I had to smile when I read this again; I wonder how often mothers have flown into a rage at something their offspring have done that angers them and said something just like that. I don't think, if true, it necessary means anything about Edward's parentage.

:D
 

SPERRO

Ad Honorem
Mar 2011
3,480
North East England
#85
Originally posted by Crystal Rainbow:



I had to smile when I read this again; I wonder how often mothers have flown into a rage at something their offspring have done that angers them and said something just like that. I don't think, if true, it necessary means anything about Edward's parentage.

:D
I concur with that point of view. We cannot possibly know what thoughts passed through peoples minds when this became public knowledge.

I would assume that most of the nobility wished for a lasting peace with France, endorsed by Edward marrying a French princess. If we are to believe that Warwick was manipulating matters to this end, it would appear that most would wish it so.
 
Feb 2011
9,998
Cumbernauld Scotland
#86
I think that Crystal Rainbow has done not her research very well, or indeed knows very much about this time period. If she did, she would know that it was customary for noble families, yes even royal ones, to send their children to other noble households to be educated. Indeed Edward IV and his brothers were all educated by the Earl of Warwick, if I am not mistaken.
I have just noticed that my first post has had 11,704 views on this thread from google. One of my blogs seems to have well over 5500 views. Hello and welcome to Historum.:)
 

Louise C

Ad Honorem
Jan 2011
7,239
Southeast England
#87
I have just noticed that my first post has had 11,704 views on this thread from google.
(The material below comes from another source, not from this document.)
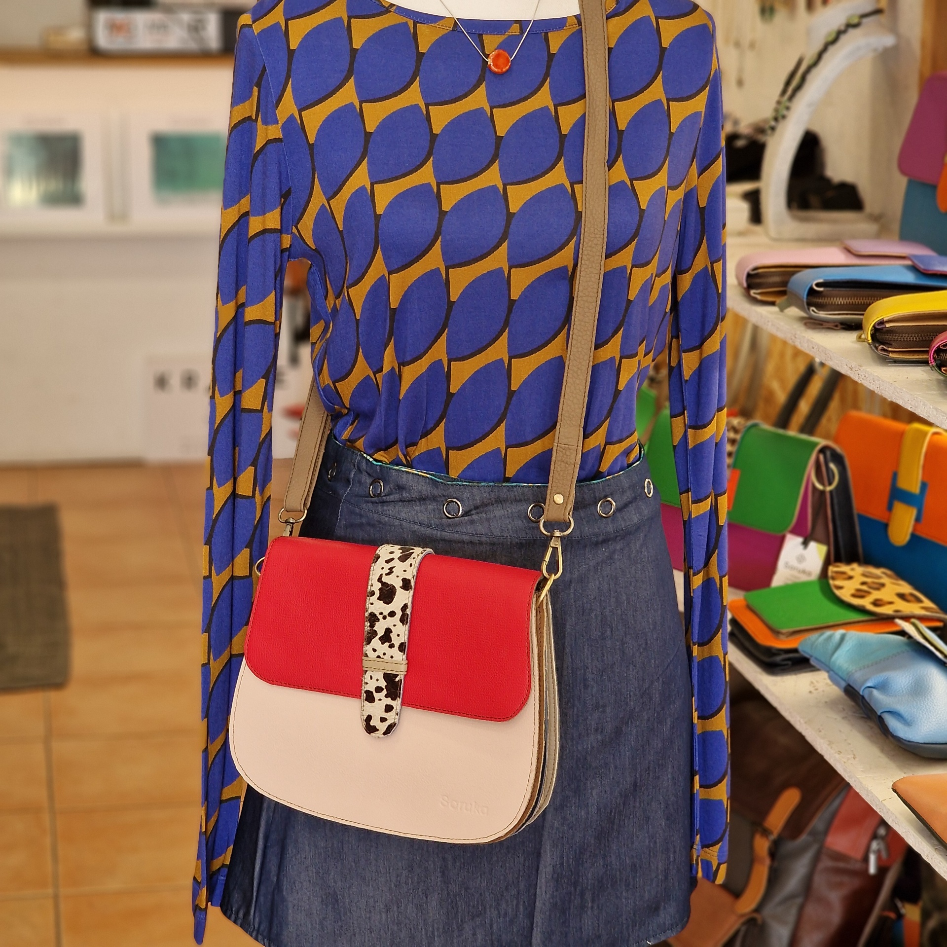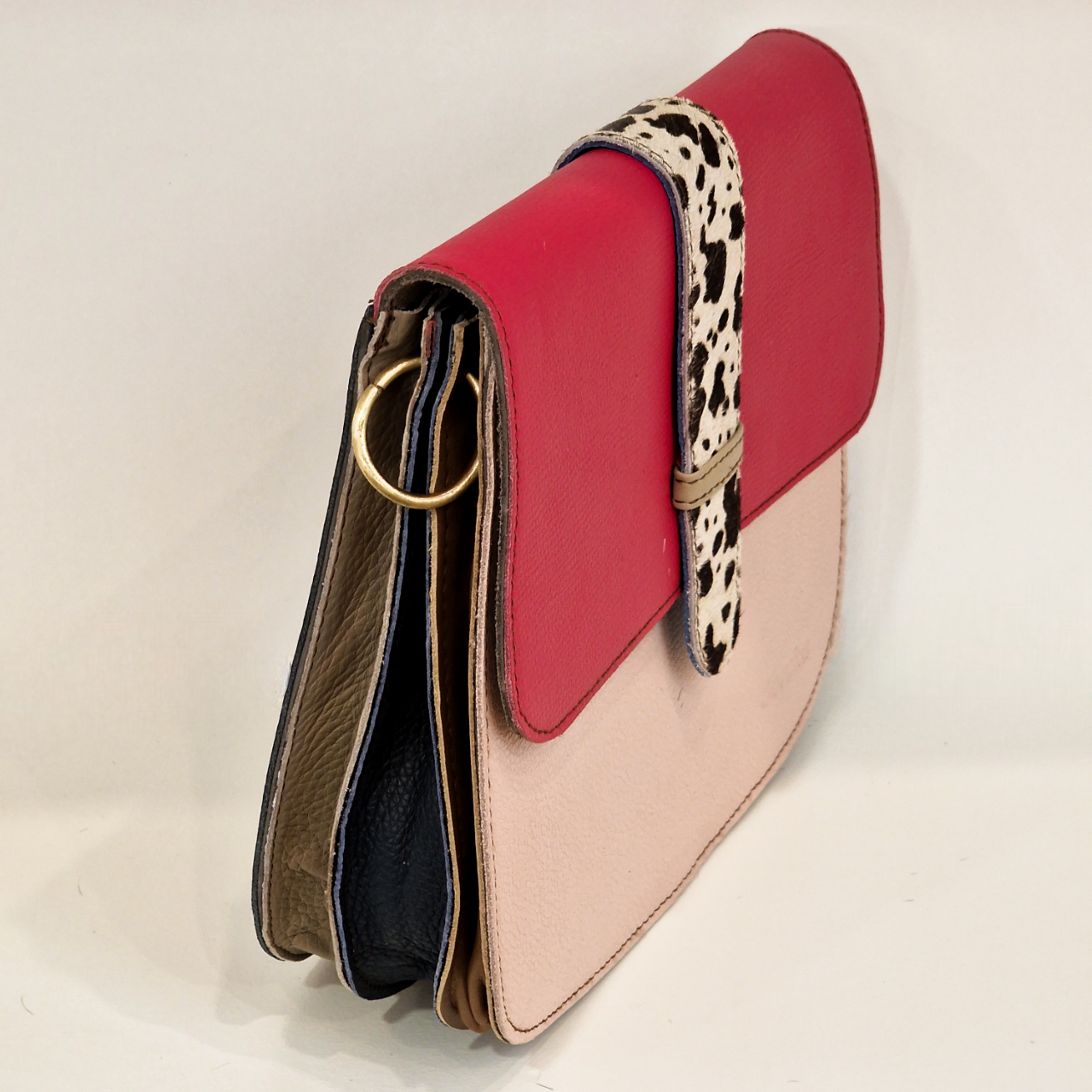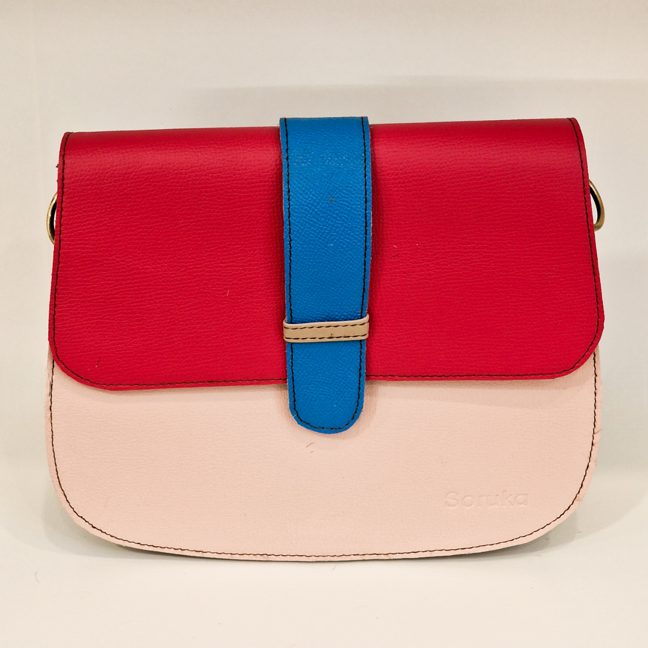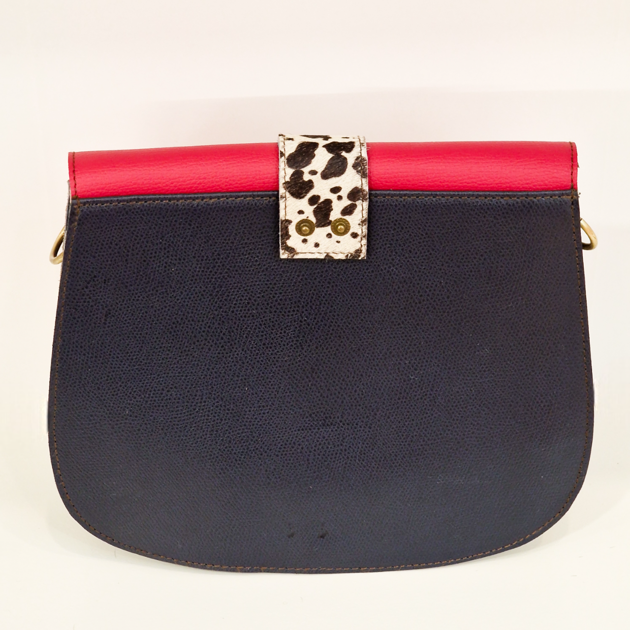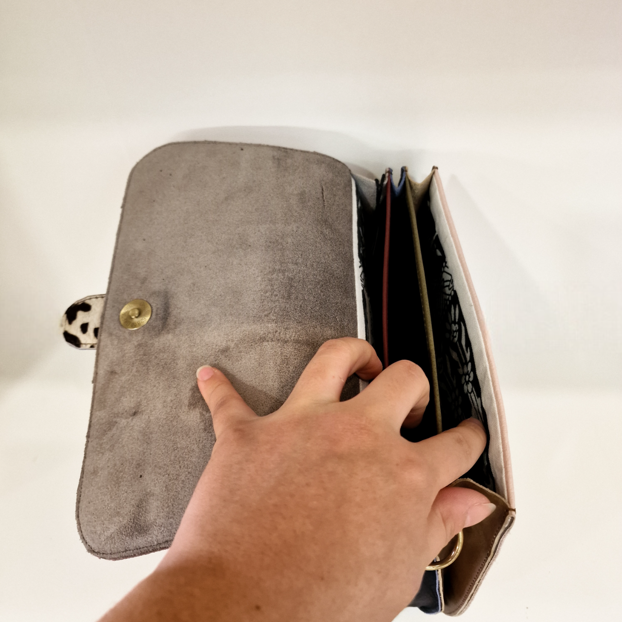 Mala 100% couro reciclado, inclui uma alça de couro ajustável e extensível.

One of my blogs seems to have well over 5500 views. Hello and welcome to Historum.:)
That doesn't really answer the point raised though, which is that sending noble children away to be raised in other noble households was normal practice at this time. The number of people who have looked at your post is irrelevent.
 
Last edited:
Nov 2015
3
Frome
#88
Controversial marriage to Anne Neville bringing him much wealth and land. He invested much time and effort into securing popularity in the North, he knew should he ever need it he would have much support there?
 
Nov 2015
3
Frome
#89
Thibault Sorry, Louise - I meant what is your evidence for his ambition before the death of E4.

Controversial marriage to Anne Neville? bringing him much wealth and land. He invested much time and effort into securing popularity in the North, he knew should he ever need it he would have much support there?
 
Dec 2012
888
UK
#90
Richard was sent to the north by Edward IV to keep an eye on an area which was largely Lancastrian in sentiment and which could have been a problem for the government in London. His marriage to Anne Neville certainly brought him support, as she had inherited land in the north from her parents.

Edward IV originally wanted Richard to keep an eye on Wales and the Welsh Marches, giving him land there, but later changed his mind and sent him north.

Richard did create a very effective affinity in the north - Horrox has written quite extensively about this.